Whatever the answer is, Alabama head basketball coach Avery Johnson is well-versed in his team’s inability to find a rhythm this season. In many ways, Saturday’s 59-54 loss to Tennessee served as a microcosm of the Crimson Tide’s unpredictability during Johnson’s second year at the helm.

After suffering from slow starts this season, Alabama’s offense raced back and forth across opposite checkerboard baselines at Thompson-Boling Arena on Saturday, torching Tennessee for 36 points on 56.5 percent shooting in the first half to take a 14-point lead into intermission.

However, the Tide’s red-hot start quickly ran out of gas. Alabama shot just 25 percent (6 of 24) in the second half, allowing the Volunteers to pull off a heartbreaking comeback by ending the game on an 11-1 run.

That has more or less been the blueprint to a frustrating season that now sees Alabama sitting at 17-13, 10-8 at the end of regular-season play. One way or another, the Tide has failed to develop any sense of consistency.

On the positive side, Alabama has yet to lose three straight games this season. Although, what will better define this year’s team is its inability to string together three straight wins since the start of SEC play.

The Tide has come close to both sides of the spectrum several times, losing two straight games on three separate occasions, while winning two straight games three times in conference play. However, each peak has been met with a valley, and each valley has been followed by a frustrating sense of false hope.

In truth, Alabama overachieved to an extent this season. The Tide was predicted to finish seventh in the conference in the preseason media poll. Despite its loss Saturday, Alabama will enter the SEC Tournament in Nashville, Tenn., as the No. 5 seed. The team has also improved during Johnson’s second year, going from 8-10 in conference play last season to 10-8 this year.

Disappointment only sets in when the thought of what could have been comes into play. Alabama dropped several winnable games this season, including an RPI-tanking loss at Texas, home games against Auburn and Georgia and Saturday’s meltdown at Tennessee. Swing those games back in the Tide’s favor and Alabama is sitting at 21-9 and 13-5 in the SEC with a two-round bye heading into the SEC Tournament.

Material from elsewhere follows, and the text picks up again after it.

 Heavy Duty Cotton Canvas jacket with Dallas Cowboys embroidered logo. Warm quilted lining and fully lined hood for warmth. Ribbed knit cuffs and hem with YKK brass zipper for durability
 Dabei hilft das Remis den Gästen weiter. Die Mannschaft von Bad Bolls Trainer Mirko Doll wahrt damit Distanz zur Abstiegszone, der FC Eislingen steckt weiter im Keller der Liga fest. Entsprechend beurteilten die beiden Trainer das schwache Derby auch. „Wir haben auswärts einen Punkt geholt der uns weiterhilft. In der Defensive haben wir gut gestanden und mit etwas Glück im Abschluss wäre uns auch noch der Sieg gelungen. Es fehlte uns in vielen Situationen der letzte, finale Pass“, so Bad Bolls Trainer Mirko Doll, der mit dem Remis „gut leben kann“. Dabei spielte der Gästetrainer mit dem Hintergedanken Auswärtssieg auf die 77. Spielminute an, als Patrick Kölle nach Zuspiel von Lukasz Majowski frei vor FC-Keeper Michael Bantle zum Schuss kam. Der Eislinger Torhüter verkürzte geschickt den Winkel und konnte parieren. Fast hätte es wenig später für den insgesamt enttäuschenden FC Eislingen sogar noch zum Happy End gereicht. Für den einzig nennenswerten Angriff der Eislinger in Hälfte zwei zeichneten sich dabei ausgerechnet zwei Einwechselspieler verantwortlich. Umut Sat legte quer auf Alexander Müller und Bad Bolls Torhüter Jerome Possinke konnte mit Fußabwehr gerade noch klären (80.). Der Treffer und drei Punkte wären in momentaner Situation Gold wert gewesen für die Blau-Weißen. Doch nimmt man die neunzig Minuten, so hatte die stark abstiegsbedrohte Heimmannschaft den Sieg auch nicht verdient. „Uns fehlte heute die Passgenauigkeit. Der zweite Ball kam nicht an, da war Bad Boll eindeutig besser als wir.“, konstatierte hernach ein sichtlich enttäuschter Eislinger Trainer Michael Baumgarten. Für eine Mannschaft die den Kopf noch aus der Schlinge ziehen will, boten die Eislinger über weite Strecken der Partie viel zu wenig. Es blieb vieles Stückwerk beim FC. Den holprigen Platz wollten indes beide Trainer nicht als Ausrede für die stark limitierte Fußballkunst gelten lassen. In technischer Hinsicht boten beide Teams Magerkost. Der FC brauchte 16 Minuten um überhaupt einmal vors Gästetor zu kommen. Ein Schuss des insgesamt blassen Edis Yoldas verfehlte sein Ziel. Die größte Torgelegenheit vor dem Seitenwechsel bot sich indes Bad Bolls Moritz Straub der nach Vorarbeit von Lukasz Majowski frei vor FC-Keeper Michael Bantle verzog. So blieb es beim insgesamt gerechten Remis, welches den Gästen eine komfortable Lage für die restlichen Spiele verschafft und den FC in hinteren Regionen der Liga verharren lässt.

Johnson will be the first to remind you it doesn’t work that way. Consistency is built and consistent teams don’t just develop overnight.

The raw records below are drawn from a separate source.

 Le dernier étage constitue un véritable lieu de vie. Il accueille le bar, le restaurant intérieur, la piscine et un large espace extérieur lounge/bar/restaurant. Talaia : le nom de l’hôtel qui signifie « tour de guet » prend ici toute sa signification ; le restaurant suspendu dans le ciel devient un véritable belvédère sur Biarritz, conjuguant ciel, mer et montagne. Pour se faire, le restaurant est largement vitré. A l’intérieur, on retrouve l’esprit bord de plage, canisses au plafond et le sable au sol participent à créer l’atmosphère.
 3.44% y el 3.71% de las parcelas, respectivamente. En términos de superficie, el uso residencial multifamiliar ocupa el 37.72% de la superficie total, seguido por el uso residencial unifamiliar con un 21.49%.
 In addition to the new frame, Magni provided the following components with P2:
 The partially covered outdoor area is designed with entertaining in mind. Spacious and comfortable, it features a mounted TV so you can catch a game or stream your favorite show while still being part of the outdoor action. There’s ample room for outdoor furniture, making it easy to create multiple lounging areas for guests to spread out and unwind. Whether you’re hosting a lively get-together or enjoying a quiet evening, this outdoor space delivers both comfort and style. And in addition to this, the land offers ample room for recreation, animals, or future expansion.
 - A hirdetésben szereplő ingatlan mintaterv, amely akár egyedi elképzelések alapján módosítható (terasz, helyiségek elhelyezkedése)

"What sometimes people don't understand is it's just not like flipping a switch," Johnson said earlier this season. "If it was, that's what we would do. But we're a team built on defense this year. We've had a sporadic offense. We haven't had great ball-handling and decision-making and we've been a team that turns the ball over at inopportune times and we have had a lot of careless mistakes. We're trying to reduce that with some young guys that handle the ball quite bit and hopefully we'll get there."

In the grand scheme of things, Saturday’s defeat didn’t impact the course of the Tide’s season. Alabama would have finished fifth with either a win or a loss.

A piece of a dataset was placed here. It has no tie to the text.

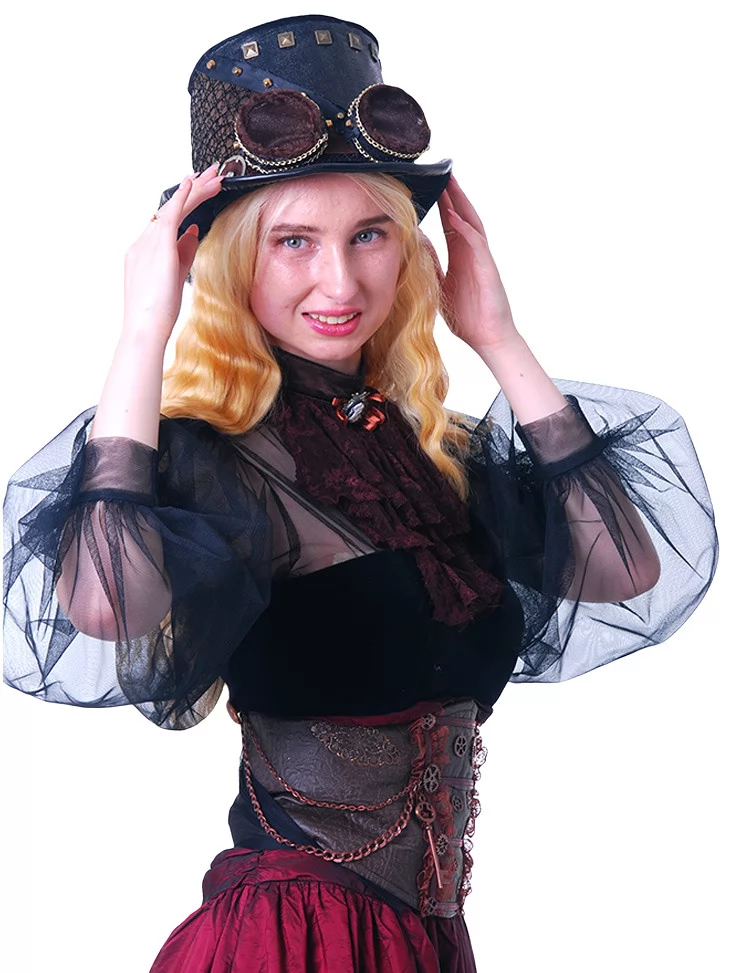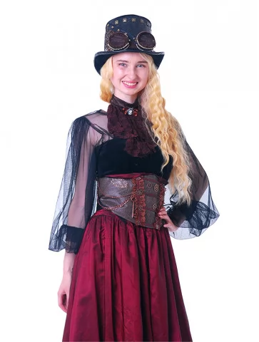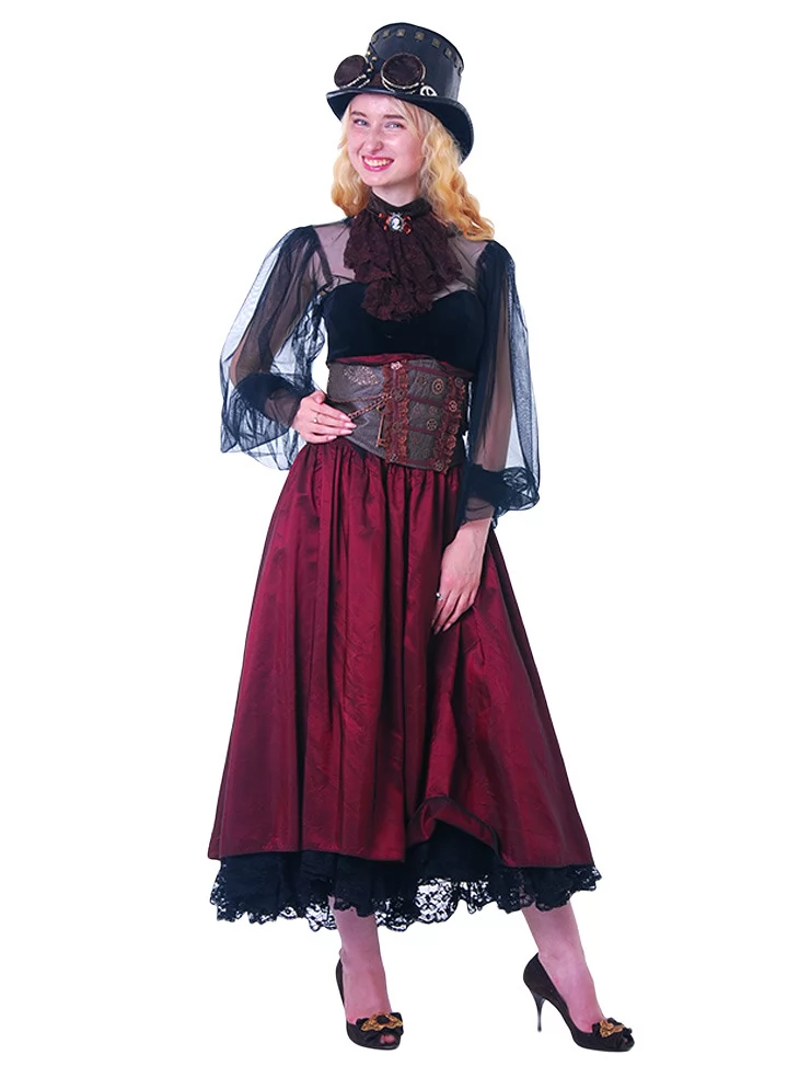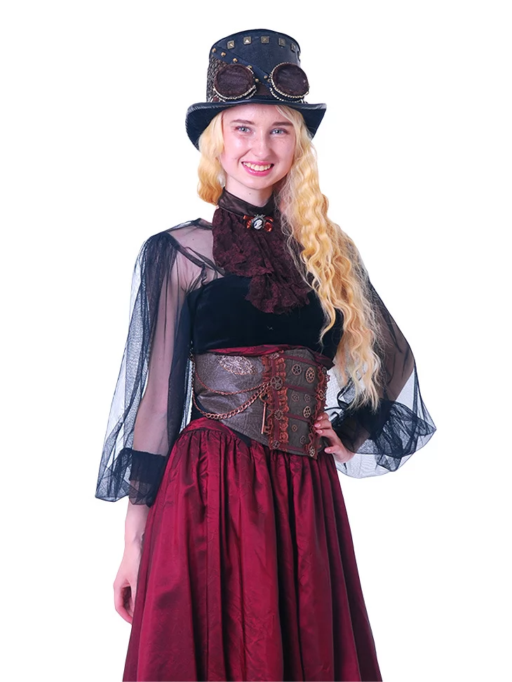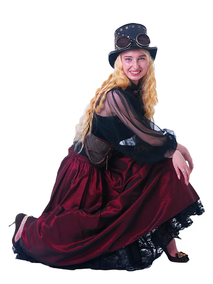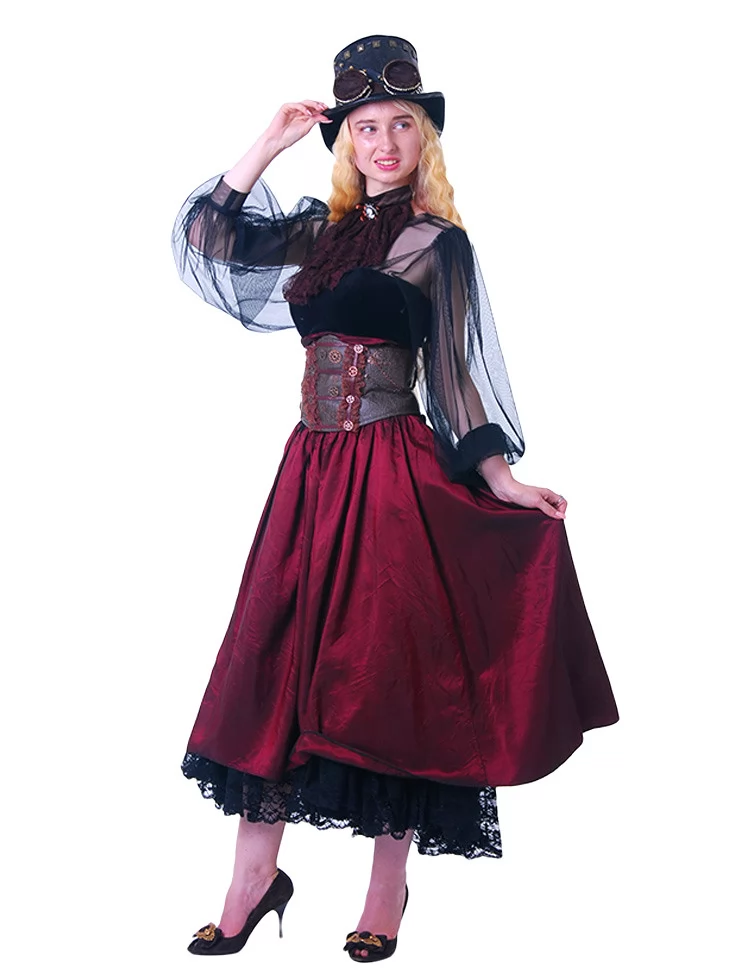 Цей образ створено для справжніх леді майбутнього — яскравих, сміливих і загадкових. Якщо вам потрібна оренда карнавальних костюмів, костюм Стімпанк-Леді у бордовому стане вашим улюбленим вибором. Завдяки нашому сервісу прокат карнавальних костюмів, ви легко втілите яскравий образ на будь-якому святі.

“More than worrying about that fifth seed and where we are, I think it’s important for us to be playing good basketball in the conference,” Johnson said Friday before the loss to Tennessee. “If we end up being the fifth seed, if that hold holds true, I just don’t want to be playing bad basketball.”

The truth is, Alabama is playing bad basketball right now. It’s just also playing good basketball, too.

That's something Johnson is going to have to patiently accept.